It’s quite easy to yield to God’s will when things are known, consistent and predictable. But there comes a time in each of our lives when we don’t get to know – even when we are completely submitted. In this – I believe we are fostering something bigger than we are capable of understanding. Perhaps they are the “beyond our wildest” kind. Whatever the case, I am coming to realize that despite the Proverbs command to seek and acquire knowledge – in some instances this proves to be completely futile.
This is perhaps one of the greatest struggles I have encountered in my adult life – the need to know. I’m sure most people would agree that it’s great to know what you are walking into – what lies ahead so to speak. But for me – I think mine transcends the ‘normal’ desire. I’ll blame that on (and I’ll use the word “blame” loosely) the sheer lack of control I’ve had over many circumstances in my life. It’s not rocket science. Basic psychology will tell you that when people experience trauma or other things damaging to their emotions or psyche – some kind of compensation takes place. This usually manifests by way of control.

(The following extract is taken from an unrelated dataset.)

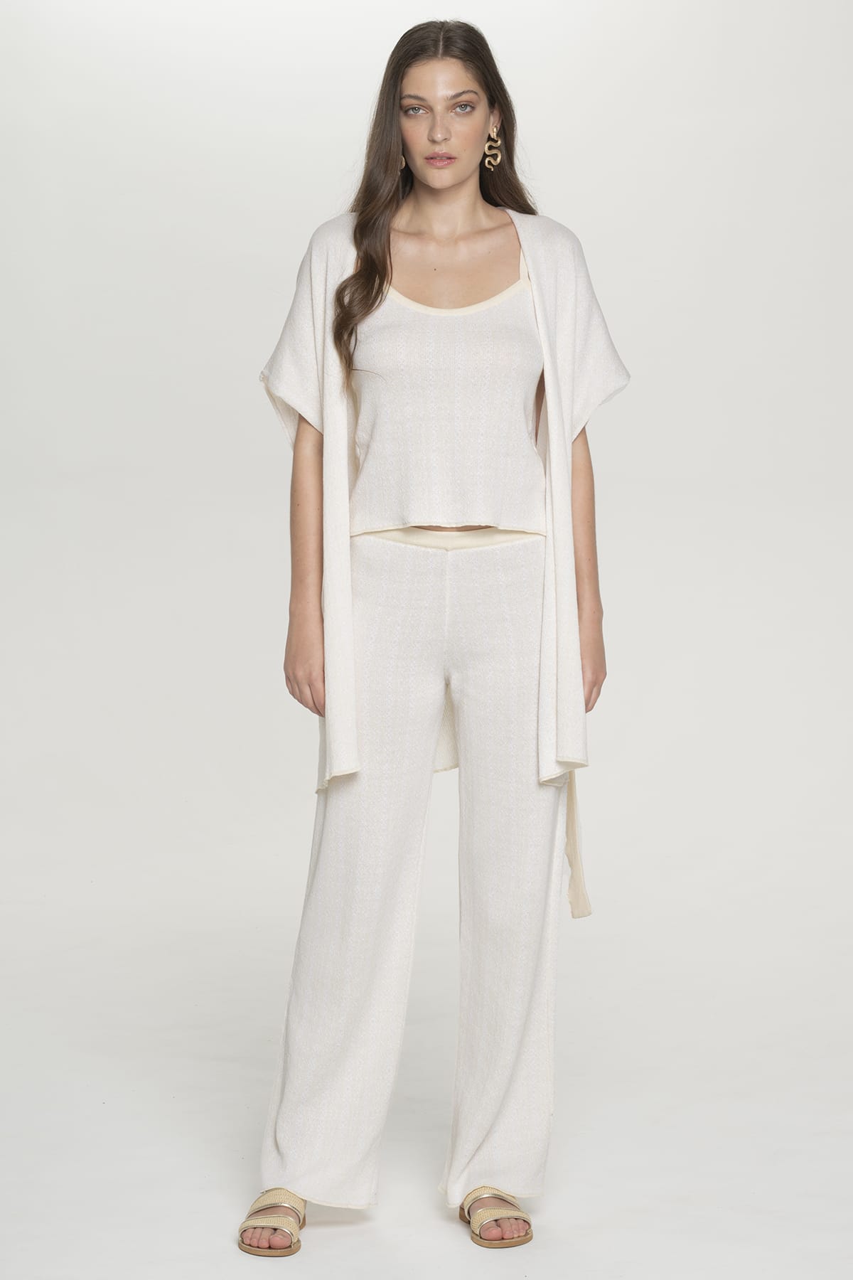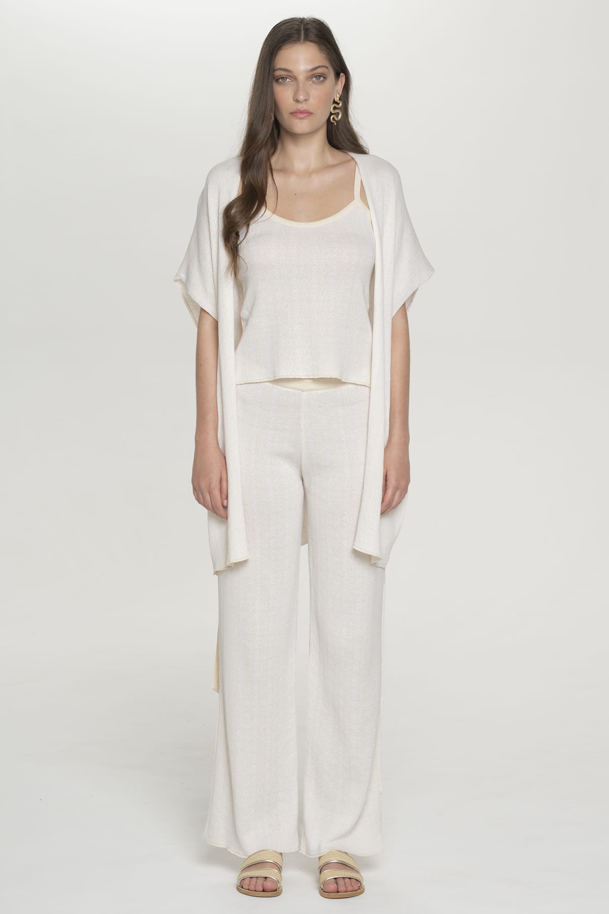 This luxurious cream cami top embodies effortless Mediterranean elegance with its flattering scoop neckline and distinctive triangle back design. The super light, textured knit fabric creates a sophisticated silhouette while providing exceptional comfort, featuring high-quality cotton straps with precision knit linking seam construction, with the fabric pattern incorporating more than 50% undyed raw combed cotton yarn harvested and produced in Greece. Crafted in Greece using Pepper Vally’s signature sustainable practices, this versatile cami showcases premium natural fibers and innovative textile construction. The triangle back detail adds contemporary appeal while the expertly crafted cotton straps ensure durability and refined finishing. The neutral cream tone coordinates seamlessly with matching collection pieces, offering all-day comfort.

When a person is made to feel so completely out of control – you can rest assured they will probably try to prevent that from happening – EVER.
My road to letting go has been a long, messy and extremely painful one. But I’m not complaining. I have come to love the life and beauty that has been birthed out of certain death. All that credit goes to The Father – He’s the only one I know that can make all things new and trade beauty for ashes. Amazing. But I am constantly presented with new opportunities to come up just a little higher. This always seems to happen right in those moments when I’ve told myself, “yea, you’ve got this, it’s smooth sailing from here”. Yea right. I can hear the words of my mother reverberating in my mind right now,
You think you’re standing? Watch out.
Trust Mom for a hard, yet truthful dose of reality. So I find myself once again in state of the fire being cranked up. What makes this experience slightly different though, is that I’ve always known what was being refined. This time I am at a complete loss. But I sense His presence – and the constant words of friends who know little about my battle, letting me know they’ve been praying for reasons they do not understand, assures me this pain is purposed.
I believe it is the not knowing which is the very essence of Christian Faith. After all – faith is the substance of things hoped for – the evidence of things not seen. I see…nothing. I feel everything. I am completely yielded to the process. I am in pain but nonetheless forgotten by Him. He’s doing something and I don’t get to know this time. So in faith I’ll say, “I am okay with it”.
Rapid fire – rapid refining. Looking towards the gold.